家で吸血鬼映画を見て不穏なことを言うデイブ。妻はどこか居心地が悪くなっている。それに気をとめていなそうなデイブ。そこは怖くさせちゃった?ごめんとか言った方がいいのでは。完全1人で見てるわけじゃないのだから。
少年を襲っていた男を殺してしまうデイブ。ホッケーの時と言い、やり過ぎるところがここでもか。半殺しにした後通報するだけで良かったのに。自分を襲った犯人達も通報後にそれぞれ死亡していた。
結果論だが、大袈裟に言えばやり過ぎ癖があり、家族と愛のある意思の疎通が出来ず信頼関係を築けない人が、旧友との激しい誤解をとけるはずは無かったのかなと。
もし誘拐暴行事件が無ければ、デイブは成長して慎重になりコミュニケーションも上達したかもしれないけれど。
でもジミーもまた自分の断ち切れなかった怨恨のせいで娘のケイティを失った。
親父であるレイのした事とブレンダンは関係無いと交際を許してあげていれば。ケイティは駆け落ちを計画せず。あの日友達とお別れパーティーに出かけず、殺されなかったかもしれなかった。

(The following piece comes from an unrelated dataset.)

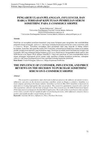 Regina, Rahmawaty and Suharyati, Suharyati (2024) Pengaruh ulasan pelanggan, influencer, dan harga terhadap keputusan pembelian serum somethinc pada e-commerce Shopee. Journal of Young Entrepreneurs, 3 (1): 6. pp. 71-90. ISSN 2964-8521

妻と仲直り出来、唯一身内に不幸が起こらなかったのはショーンだった。
常に冷静さを失わず、別居時に浮気のチャンスがあっても律儀で妻を裏切らなかった。
忍耐強く情深いので、ジミーのデイブ殺しに気付いても告発せず、二人の友情は壊れないのだろう。
正義感が強い人ほど見るのがつらい映画だ。
3人の妻も、考えてみると夫と似た者同士だった。
何より愛情第一で決断するジミーの妻、別居していても堕胎せず子供を産んでいた忠実なショーンの妻、そして夫の疑惑を遺族であるジミーに打ち明けるというやり過ぎたデイブの妻。。。
でもラストのパレードで孤独に周りをキョロキョロするデイブの妻の姿は悲しく痛々しい。
どんなことがあっても、命だけは失ってしまったら終わり。